100% not monte Carlo, its called HM for short. I can't remember the proper name.

Sent from my Nexus 7 using Tapatalk


----------



## fusedpro (Dec 29, 2011)

coldmantis said:


> 100% not monte Carlo, its called HM for short. I can't remember the proper name.
> 
> Sent from my Nexus 7 using Tapatalk


Yep, that looks like pearl weed (Hemianthus Micranthemoides).


----------



## Tinanti (Aug 25, 2005)

fusedpro said:


> Yep, that looks like pearl weed (Hemianthus Micranthemoides).

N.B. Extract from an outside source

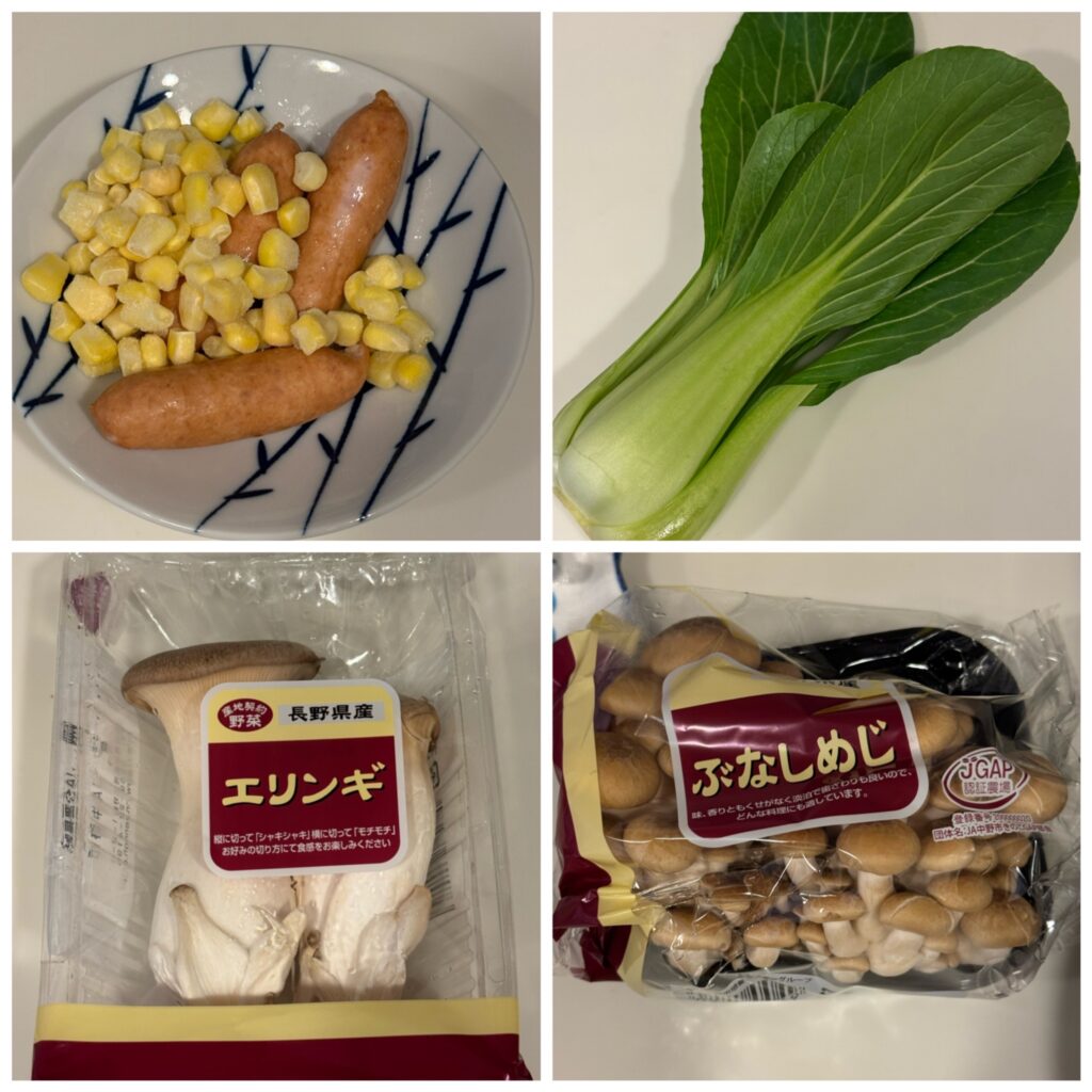 右下 鳥を焼く最終工程時に、同期をとって付け合わせを炒めます 最初にソーセージとコーンを炒め、キノコを加え、青梗菜を入れて、全体を炒めます

http://www.aquaticplantcentral.com/...ails.php?id=33&category=genus&spec=Hemianthus


----------



## Deedledee (Sep 13, 2016)

Joooop said:


> I purchased a tissue culture of MC off of an ebay seller that was recommended on a few forums. The plant was advertised as MC and in the container, it looked just like it to me. All of the leaves were rounded.
> 
> I've had it growing in my high-tech 12g long for the past week now and now that I'm seeing growth, I'm questioning the plant type. The original leaves near the substrate are rounded but the new growth is quite narrow and longer than I would expect.
> 
> ...


Not sure what you got, but doesn't look anything like MC .Here's one of my shrimp hanging out in some Monte Carlo. It has a tiny round leaf. Your plant has long pointed leaves, so ?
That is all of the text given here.